While slightly smaller than the flight support side, this segment boasts impressive margins. The ETG designs niche products like infrared simulation equipment and power supplies for radar systems—areas with high barriers to entry and "sticky" government contracts.
HEICO’s ability to control costs is evident in its margins. The company reported a consolidated Gross Margin of 39.8% and an Operating Margin of 22.7%. This efficiency trickled down to the bottom line, with Net Income Attributable to HEICO reaching $690.4 million, up significantly from $514.1 million in the prior year.
Selling, General, and Administrative (SG&A) expenses were kept at 17.1% of sales, a slight improvement from 17.6% in 2024. In an inflationary environment where labor and material costs are rising, keeping overhead relative to sales in check is a strong signal of disciplined management.

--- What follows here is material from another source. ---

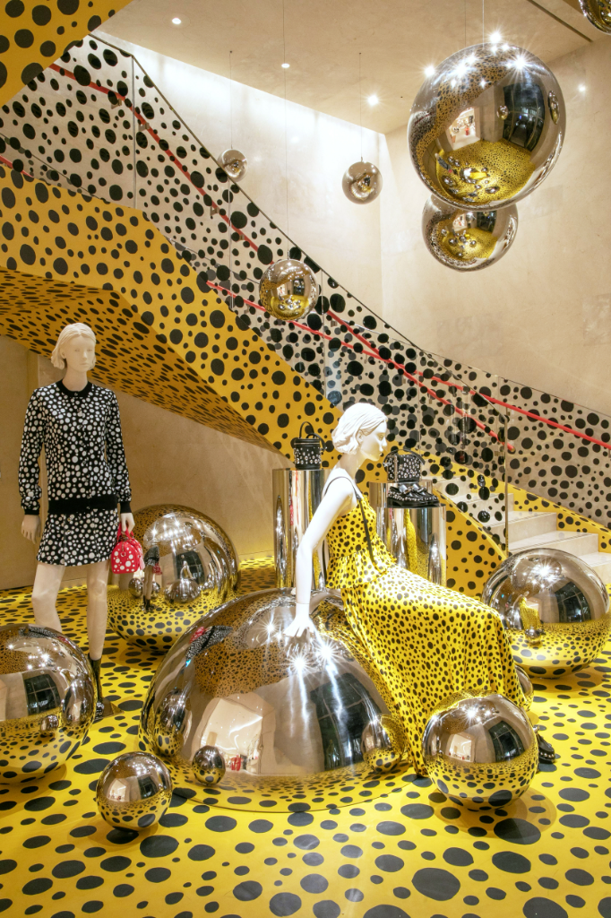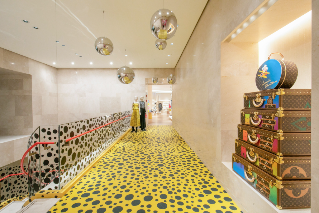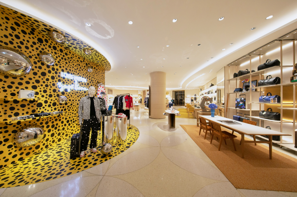 為慶祝此次台北101旗艦店盛大開幕,中庭挑高區與男裝區彩繪上期間限定黃色迷幻波點藝術裝置,隆重呈獻與日本藝術家Yayoi Kusama草間彌生聯名合作系列。首波上市系列包含彩繪圓點Painted Dots、鏡面圓球Metal Dots、無限圓點Infinity Dots與迷幻花朵Psychedelic Flower,渲染於女士與男士時裝、皮件、飾品配件和香水,將草間彌生的獨特筆觸圓點和路易威登的Monogram圖案碰撞出趣味十足的火花。
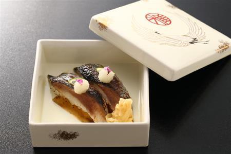 ほんのり香ばしさを感じさせるサンマの炙りにぎり=2014年9月22日、京都市左京区(恵守乾撮影)

HEICO's 2025 10-K paints a picture of a company firing on all cylinders. The ongoing supply chain constraints in the broader aerospace market, which plague OEMs, paradoxically serve as a tailwind for HEICO's aftermarket business. By offering available, lower-cost alternatives when airlines are desperate to keep fleets airborne, HEICO has cemented its position as a critical player in the supply chain.
However, risks remain. The company's strategy relies heavily on acquisitions (such as the integration of Wencor), and maintaining growth requires successfully identifying and integrating these targets. Additionally, any cooling in global defense spending could impact the ETG segment. But for now, the financials suggest HEICO is navigating these skies with precision.